Thursday, February 7, 2013

Tauza v. Susquehanna Coal Co. case brief

Tauza v. Susquehanna Coal Co.
220 N.Y. 259

PROCEDURAL HISTORY: Plaintiff resident brought suit against defendant Pennsylvania corporation. The Appellate Division of the Supreme Court in the First Judicial Department (New York) affirmed an order denying a motion to set aside the service of a summons. The corporation appealed. The appellate division certified five questions to the court.

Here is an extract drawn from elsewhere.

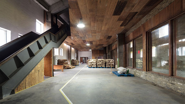 廠房入口裝修設(shè)計(jì):斜坡式的建筑增強(qiáng)了建筑的排水能力,同時(shí)與周圍的山勢(shì)相互融合,讓建筑與自然融為一體,門、窗的設(shè)計(jì),也可以看出室內(nèi)設(shè)計(jì)師,也持同樣的態(tài)度。
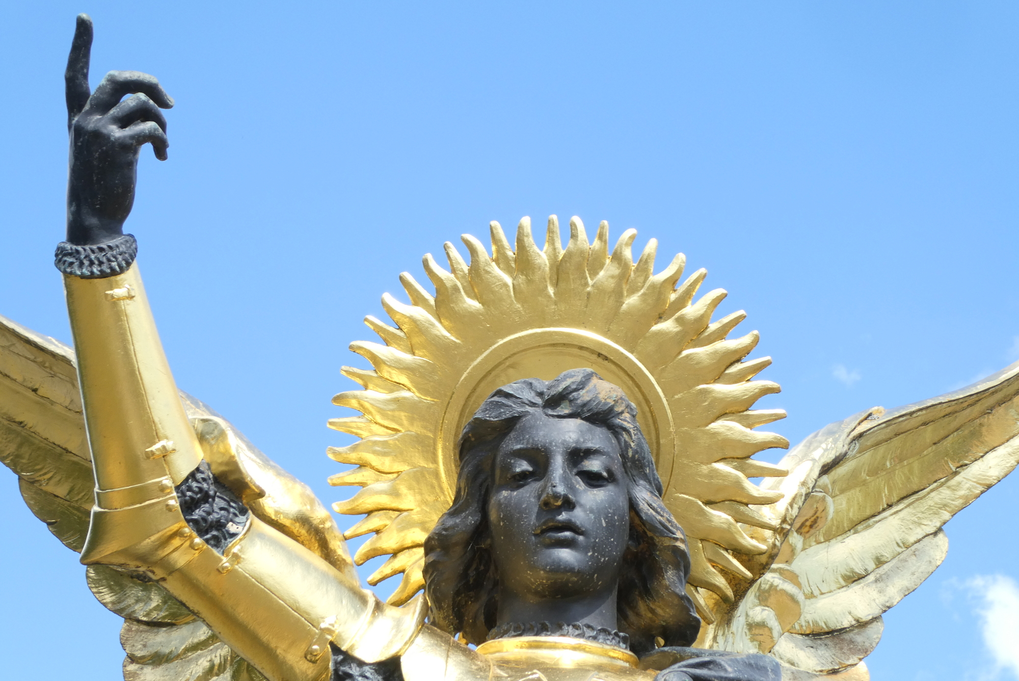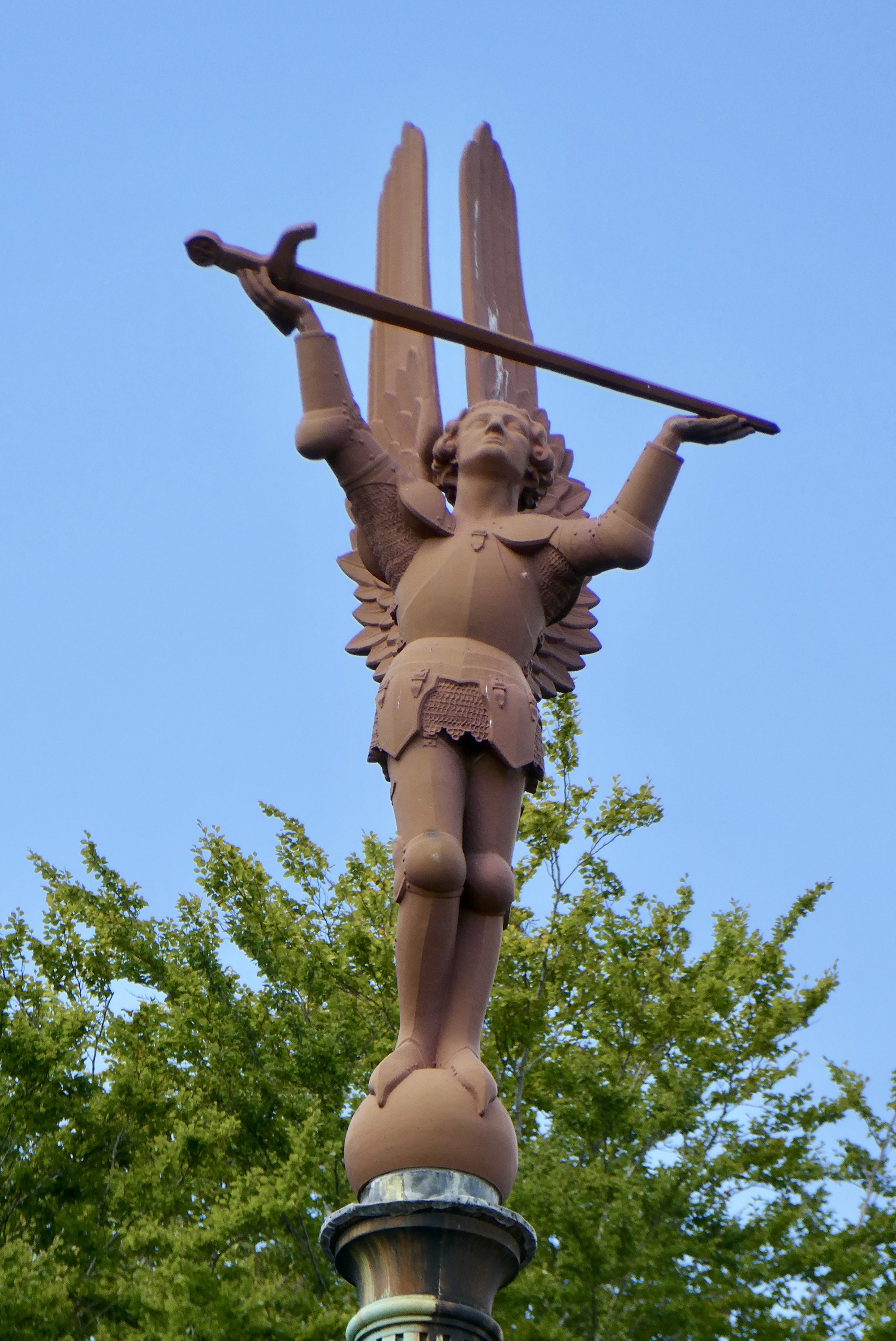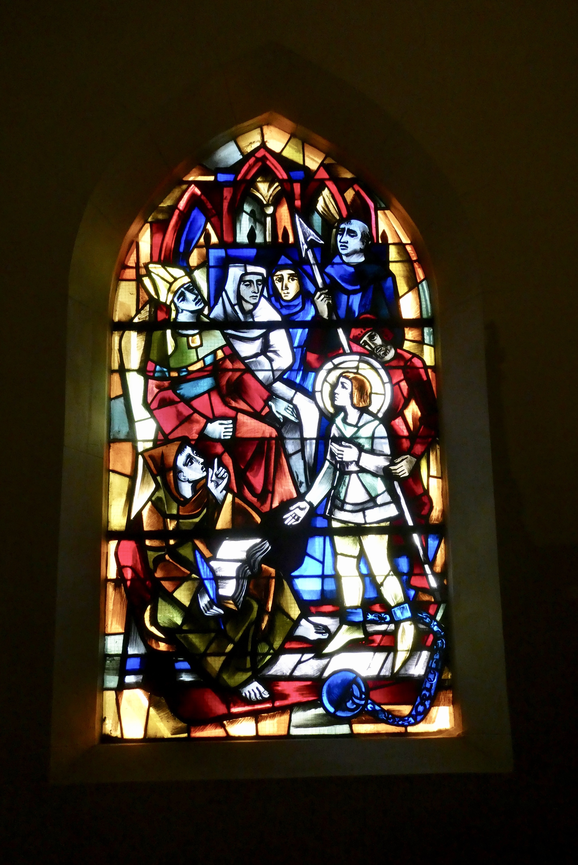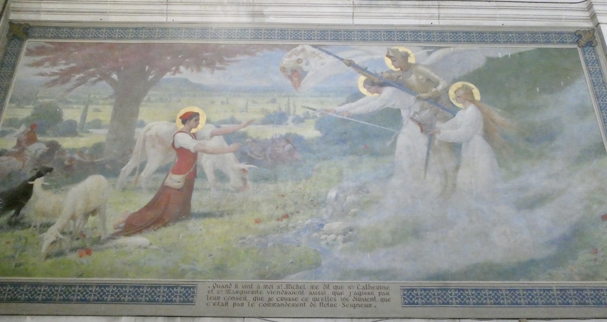 One of the murals telling the story of Joan' life - this one depicts her vision of Archangel Michael, Saint Margaret, and Saint Catherine who compelled her to visit Charles VII and help save France from control by the English

FACTS: The corporation maintained an office in New York under the direction of a sales agent, with eight salesmen and with clerical assistants, and through these agencies systematically and regularly solicited and obtained orders that resulted in continuous shipments from Pennsylvania to New York.

HOLDING:
In affirming, the court found that to do those things was to do business within the state in such a sense and in such a degree as to subject the corporation doing them to the jurisdiction of New York's courts.

ANALYSIS:
The corporation was in New York not occasionally or casually, but with a fair measure of permanence and continuity. Furthermore, jurisdiction did not fail because the cause of action sued upon had no relation in its origin to the business transacted. It was not necessary to show that express authority to accept service was given to the corporation's agent. The corporation was in New York; it was there in the person of an agent of its own selection, and service upon him was service upon his principal. The evidence sustained the conclusion that the sales agent was a managing agent. Finally, the resident showed due diligence in the effort to make service on some superior officer.


RULES:
Where a defendant maintains an office in New York under the direction of a sales agent, with eight salesmen, and with clerical assistants, and through these agencies systematically and regularly solicits and obtains orders which result in continuous shipments from Pennsylvania to New York, to do these things is to do business within New York in such a sense and in such a degree as to subject the corporation doing them to the jurisdiction of New York's courts

CONCLUSION: The court affirmed the judgments of the lower courts. The court also answered the first, second, and third questions in the affirmative. The court answered the fifth question in the negative and stated that it was unnecessary to answer the fourth question.